Juneberries/ Serviceberries

Juneberries/ Serviceberries

American plums

American plums

    Native Tubers

    My favorite native tuber has to be the Jerusalem artichoke (helianthus tuberosa), also known as j-chokes. They are not from Jerusalem and they are not artichokes. J-chokes are actually a native perennial sunflower. There are endless varieties, both cultivated and wild. They are usually huge plants, easily attaining heights of 10-12 feet with a happy small sunflower on top. Some varieties can be as tall as 16 feet, while others top out at 6 feet or less. They spread rapidly by underground tubers and rhizomes. It is astounding how many pounds of tubers can be harvested from a small patch. No matter how many you dig up, they always come back, and seem to thrive on disturbance. The tubers can be eaten raw, boiled, or roasted. They taste like a cross between a radish, a turnip, and a potato.

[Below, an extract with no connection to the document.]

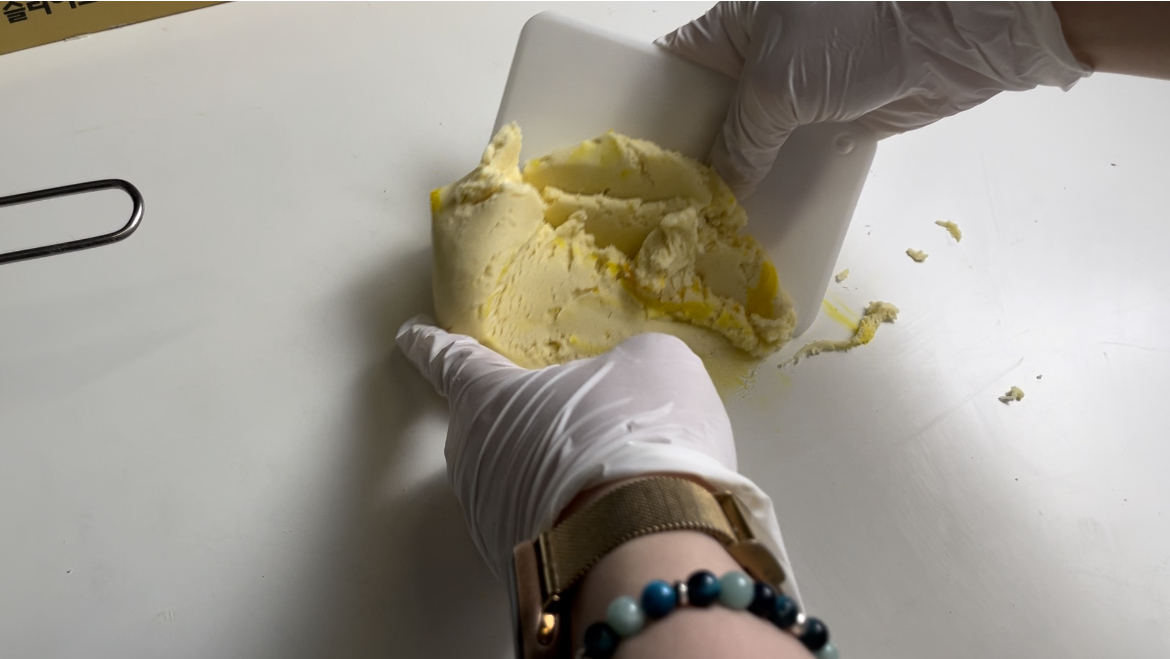 (반죽이 말랑해지지 않게 찬상태 유지(냉동실에 왔다갔다 하면서 반죽 단단한 상태 유지))

    Another native root crop gaining lots of attention in the plant breeding world is apios americana, the groundnut. It is not a nut at all, but a wonderful wild and domestic perennial vegetable. In the wild, groundnuts are often found growing along stream banks. In early spring, they can be seen right on the surface, a bunch of small brown tubers strung together by a root. The flavor of groundnuts is outstanding, very similar to roasted potatoes. They are being bred and cultivated on a small scale in this country and more extensively in Korea.

 

    Native Plant Habitat

    If we are serious about protecting native plant communities, than let’s take a look at the real threats they face. Habitat loss is the biggest reason that native plant communities collapse, often completely. The sheer amount of space that annual agriculture and American lawns take up is devastating to jack in the pulpits, goldenseal, and thousands of other species. There is zero room for weeds, much less endangered natives, in a field of roundup ready soybeans. Many of these rare native plants could thrive in a different agricultural system based on tree grains and grass fed meat. We do not need to separate nature in tiny preserves. We can have healthy ecosystems all around us, everywhere.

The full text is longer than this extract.